Problem to work on —
Skip all pictures. Set down only the lines starting at the line containing "a 360 - view" and running to the end of the listing.

(Provided data Opens)

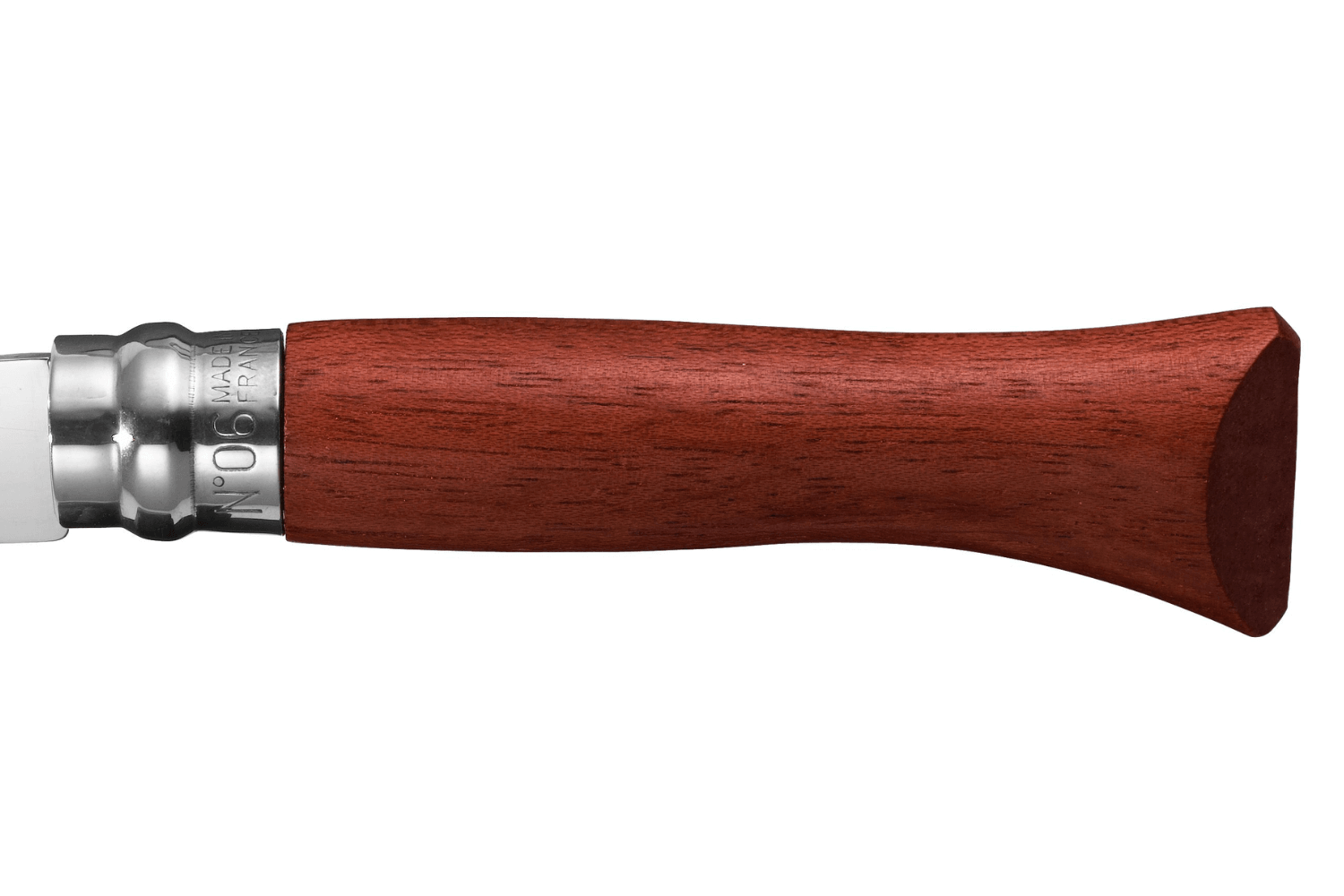 Ce couteau pliant Opinel Tradition Luxe n°06 se distingue par son manche en Padouk, un bois africain dense et finement grainé, offrant une résistance élevée à l'humidité. Sa couleur varie du brun pourpre au rose avec des veines pourpres, lui conférant une allure unique et sophistiquée.
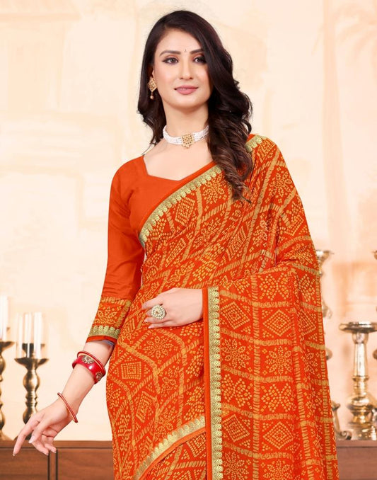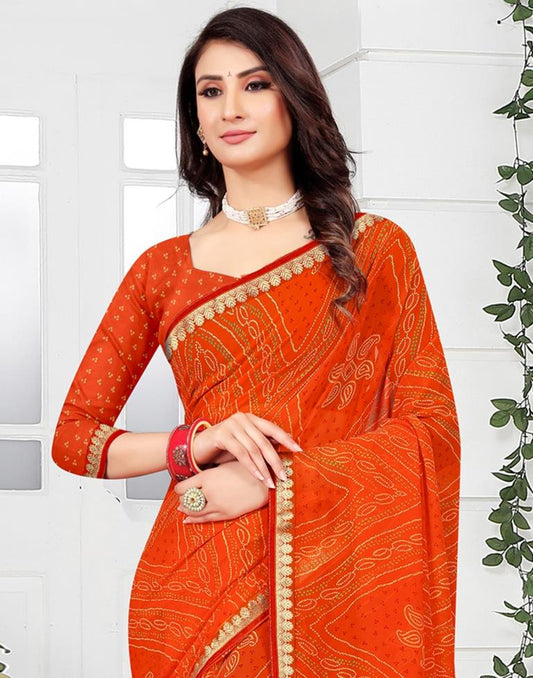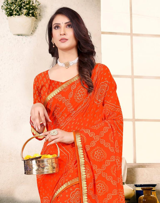 Orange Georgette Bandhani Printed Saree
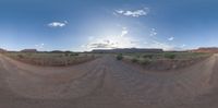 a 360 - view image of dirt road in the middle of desert landscape with sun shining over hill
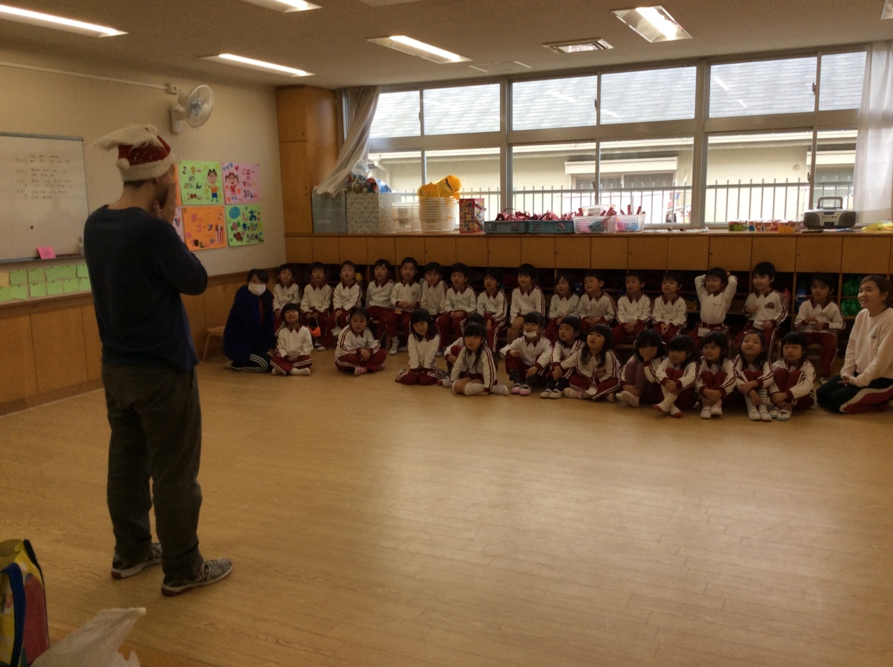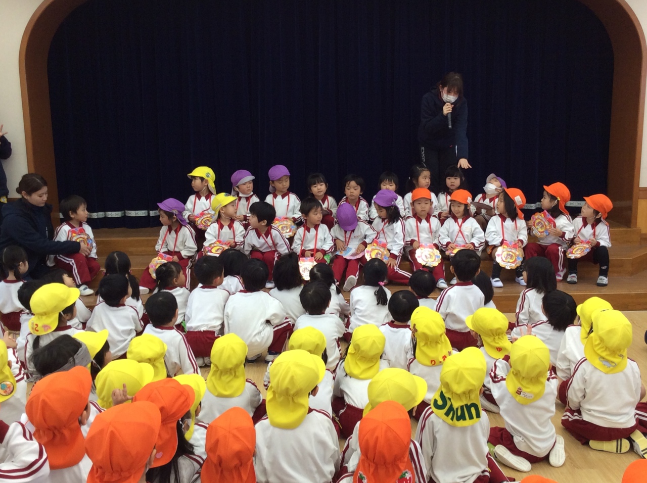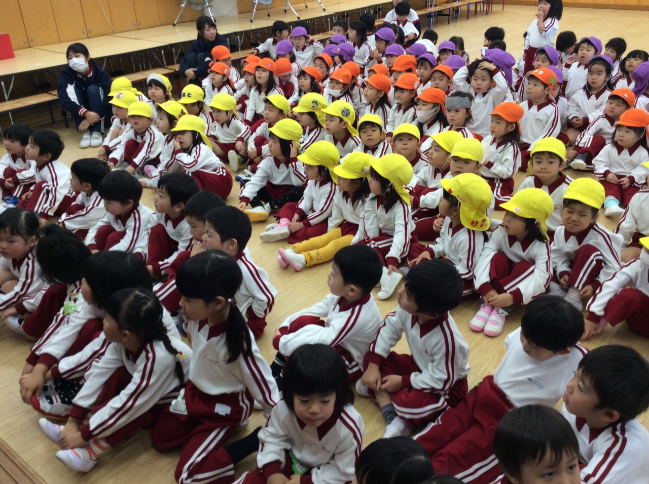 年少組の誕生日会は先生たちによる。手作り大型紙芝居「ぐりとぐら」でした。

(Provided data Closes)

Response to this exercise —
 a 360 - view image of dirt road in the middle of desert landscape with sun shining over hill
 年少組の誕生日会は先生たちによる。手作り大型紙芝居「ぐりとぐら」でした。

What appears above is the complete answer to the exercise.